This text employed the 6-year data of the 2000, 2005, 2010-2013, and all the data comes from the Statistical Yearbook for Chinese High-Tech Industry of the Year 2014. Data is selected from 2000, 2005, 2010-2013 based mainly on the following reasons: 1) Through the DEA Approach with the Double Frontiers data and according to years of operation, data which is not continuous will not affect the empirical results; 2) Based on Five-Year Plan of the Chinese government; 3) Consider the availability of data. For all these reasons, this article chooses 2000, 2005, 2010-2013 data. With MATLAB (2012) software, it carried out the optimistic and pessimistic efficiency measurement for the model data, and the geometric average efficiency was obtained from the excel calculation.

4.1. Optimistic Model Results Analysis

It can be drawn through Table 1 that Tianjin, Beijing, Guangdong and Yunnan have a high optimistic efficiency.

Table 1. Optimistic efficiency status of Chinese high-tech industry inter-provincially.

Note: In consideration for the obtaining status of the data, Inner Mongolia, Hainan, Qinghai, Tibet, Sinkiang, Hong Kong, Macao and Taiwan are not included in this table.

Among which Beijing and Tianjin have a sound development basis and large inputs in the high-tech industries and they have kept the national-leading status for a long time. Beijing’s optimistic efficiency from 2010 to 2013 is OE. For Tianjin, only the year 2011 of 0.94 is not on the effective frontier in the six years. Guangdong province ranks last in the optimistic efficiency in 2000. However, with the transition of the economic structure, Shenzhen has undergone a fast development together with other innovation cities. So, it was listed on the effective frontier together with Beijing and Tianjin from 2010.Then we can assume that the Guangdong Province has achieved certain success in the transition and the R&D inputs for the high-tech industry has have been fully utilized. Yunan Province, which takes tourism as the pillar industry, has a relatively weak basis for high-tech industry. Both the number of R&D personnel and the internal expenditure for R&D maintain a relatively low level throughout the country, so do the number of effective invention patents and the outputs of new products sales income.

Fujian, Zhejiang, Shanghai, Jiangsu and Chongqing maintain a relatively high optimistic efficiency. Among which there is generally no big fluctuations in the optimistic efficiency for Zhejiang, Shanghai and Jiangsu, while the optimistic efficiency for Fujian takes a declining rank inter-provincially. In other words, compared with the provinces on the optimistic frontier, Fujian obtains a year-on-year declining outputs for the same inputs. Therefore, Fujian province should improve the utilization rate of the inputs and avoid the waste of resources. With the advance of the development of western regions, Chongqing, as the core city in the southwest China, it has increasing inputs for its high-tech industry by the year. And its optimistic efficiency ranks among the top ones in the provinces.
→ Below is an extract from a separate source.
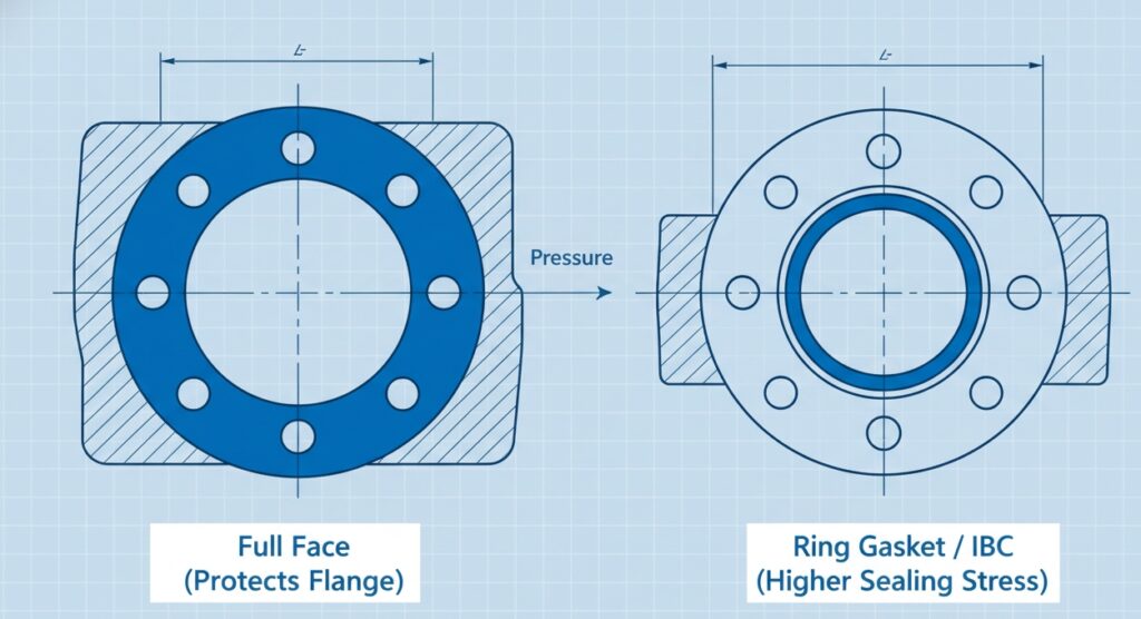 The geometry of your hardware dictates the type of seal you need. Choosing between gasket rings (Ring Type) and Full Face gaskets is critical for preventing flange damage.

Heilongjiang, Shaanxi, Gansu and Ningxia have relatively low optimistic efficiencies, among which Heilongjiang displays an obviously declining tendency in optimistic efficiency. Compared to Jilin, the inputs of R&D personnel and the expenditure of Heilongjiang Province are higher. But its output is far lagged behind. As located in the western regions, Shaanxi, Gansu and Ningxia are with an underdeveloped economy, and maintain relatively low absolute amount and relative amount for the inputs of high-tech industry.

Generally speaking, there are vast distributions of optimistic efficiency values. But most of them are distributed between 0.4 - 0.7. And there are 13 provinces and municipalities with values in this region. The average value of the optimistic efficiency value is 0.495 and there are 11 provinces and municipalities with values higher than this. The provinces and municipalities with a higher optimistic efficiency are the direct-controlled municipalities or distributed in the economically developed zones such as the coastal areas. While for the provinces and municipalities in the underdeveloped regions such as the western regions and the northeast regions, they maintain a relatively low optimistic efficiency. The optimistic efficiencies of the R&D innovation for Chinese high-tech industry have obvious regional differences.
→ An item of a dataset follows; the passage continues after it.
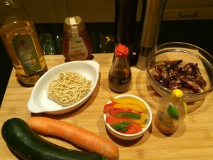 Kip gewokt met groenten en noedels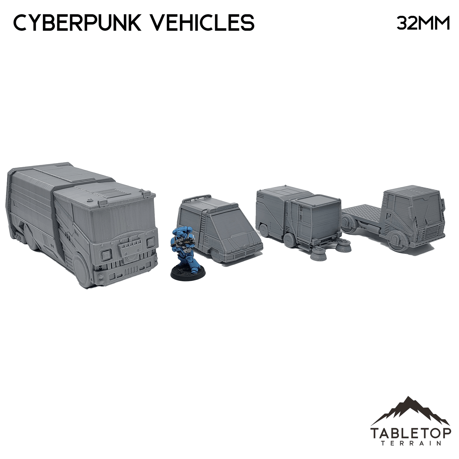 The Cyberpunk Vehicle Collection is a collection of different futuristic urban vehicles. They make a great addition to a futuristic tabletop for games such as Stargrave or Cyberpunk Red (28-30mm scaled games).

4.2. Pessimistic Model Results Analysis

It can be drawn from Table 2 that Guangdong Province has the highest average value of pessimistic efficiency, followed by Beijing and Tianjin. The pessimistic efficiency of all the three provinces and municipalities are displaying a rising tendency.

Shanghai, Jiangsu, Chongqing and Yunnan have relatively high pessimistic efficiencies. And they are quite stable with no great fluctuations.

Heilongjiang, Shaanxi, Gansu and Ningxia maintain relatively low pessimistic efficiencies. Thereinto, the pessimistic efficiency of Heilongjiang Province displays an obviously declining tendency and it is on the non- effective frontier for four successive years from 2010 to 2013.

Generally speaking, there are vast distributions of pessimistic efficiency values. Its average value is 1.949. And there are 14 provinces and municipalities with values under this. The provinces and municipalities with high pessimistic efficiencies are the directly-controlled municipalities or those located on the developed areas as the coastal areas. While for the provinces and municipalities in the underdeveloped areas as the western regions and the northeast China, they maintain a relatively low pessimistic efficiency. There is no much difference between the inter-provincial ranking of pessimistic efficiency and the ranking of pessimistic efficiency. The pessimistic efficiencies of the R&D innovation for Chinese high-tech industry maintain obvious regional differences. And this regional difference is generally in coincidence with the optimistic efficiency.

4.3. Geometric Average Efficiency Analysis

The geometric average efficiency has solved the inconvenience brought by the differences generated by the op-

Table 2. Pessimistic efficiency status of Chinese high-tech industry inter-provincially.

Note: In consideration for the obtaining status of the data, Inner Mongolia, Hainan, Qinghai, Tibet, Sinkiang, Hong Kong, Macao and Taiwan are not included in this table.

timistic and pessimistic model analysis results on the evaluation of the overall efficiency. It can be drawn from Table 3 that Beijing has the largest average value of geometric average efficiency, which is 1.84. The next is Guangdong, which is 1.75. Shannxi, among the 26 provinces and municipalities, maintains the minimum average value of geometric average efficiency, which is 0.43. It is over four times less compared with the value of Beijing. The provinces and municipalities with an average value of geometric average efficiency of above 1.00 include Beijing, Tianjin, Shanghai, Jiangsu, Chongqing and Yunnan. There are 19 provinces and municipalities with values lower than this standard. The average value of the average value of the geometric average efficiency is 0.95. Its standard deviation is 0.37 and the median is 0.92. That is to say, the values of the geometric average efficiency are with a relatively high concentration and small dispersion. Generally speaking, the geometric average efficiency is for Chinese high-tech industry in 26 provinces and municipalities are all around the average value, except the high values of Beijing, Tianjin and Guangdong.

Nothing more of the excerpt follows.